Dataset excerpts
━━━
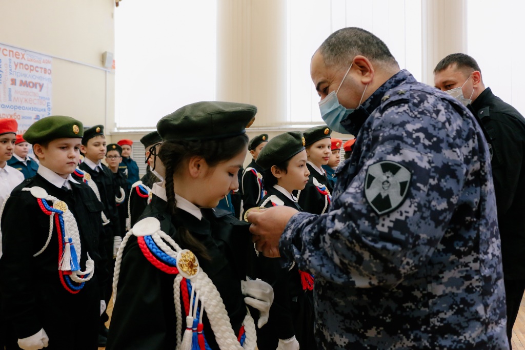 Офицеры Росгвардии приняли участие в церемонии посвящения учащихся нижневартовской школы в кадеты ведомства
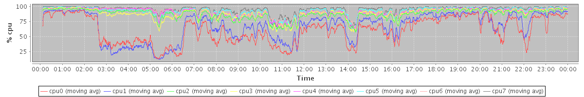 avg(cpu0) = 1.39 avg(cpu1) = 1.38 avg(cpu2) = 0.95 avg(cpu3) = 0.85 avg(cpu4) = 0.74 avg(cpu5) = 0.66 avg(cpu6) = 0.83 avg(cpu7) = 0.49
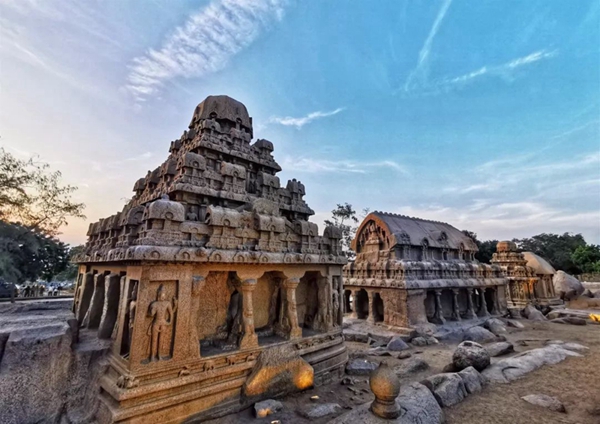 馬哈巴利普拉姆古寺廟建于公元7至8世紀(jì),由阿周那石雕、五戰(zhàn)車神廟、海岸神廟等古跡組成。
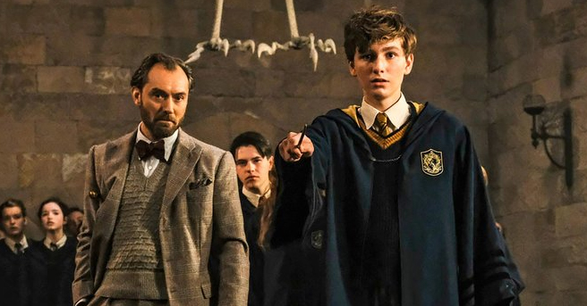 We knew that Newt Scamander (Eddie Redmayne) found himself under the instruction of Albus Dumbledore (Jude Law) while attending Hogwarts School and Witchcraft and Wizardry, but it seems that we'll actually be flashing back to Newt's time at Hogwarts in the upcoming FANTASTIC BEASTS: THE CRIMES OF GRINDELWALD. A new image has been revealed by Entertainment Weekly which finds Dumbledore schooling young Newt (Joshua Shea), who is looking rather alarmed as he points his wand towards…something.
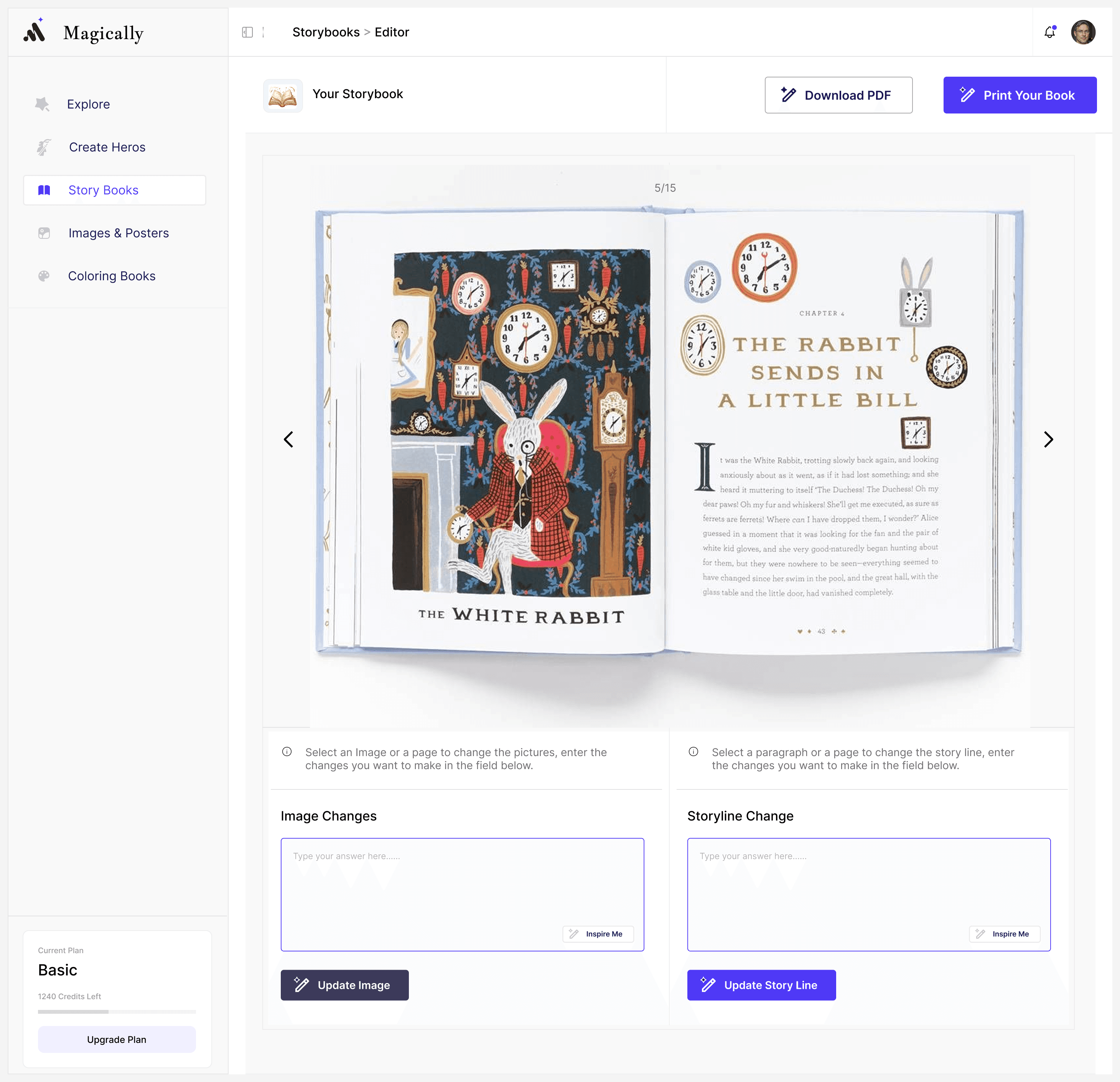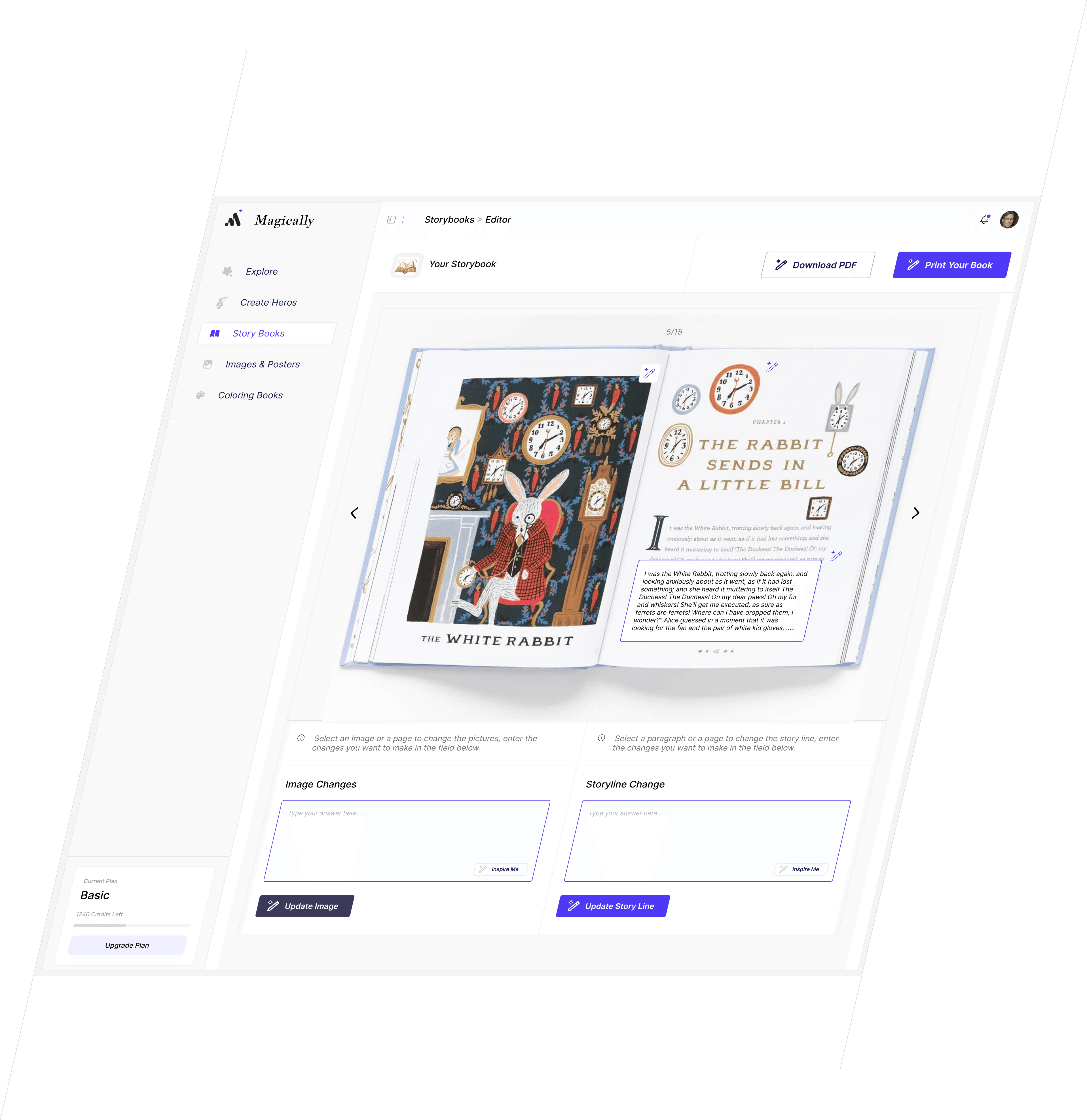 Interactive Storybook Editor – Edit text, regenerate illustrations, and refine scenes at the page level.
━━━
TASK BRIEF: Print out the entries above word for word from the first line to the line containing "馬哈巴利普拉姆古寺廟建于公元", both included, omitting the pictures.

WORKED SOLUTION:
 Офицеры Росгвардии приняли участие в церемонии посвящения учащихся нижневартовской школы в кадеты ведомства
 avg(cpu0) = 1.39 avg(cpu1) = 1.38 avg(cpu2) = 0.95 avg(cpu3) = 0.85 avg(cpu4) = 0.74 avg(cpu5) = 0.66 avg(cpu6) = 0.83 avg(cpu7) = 0.49
 馬哈巴利普拉姆古寺廟建于公元7至8世紀(jì),由阿周那石雕、五戰(zhàn)車神廟、海岸神廟等古跡組成。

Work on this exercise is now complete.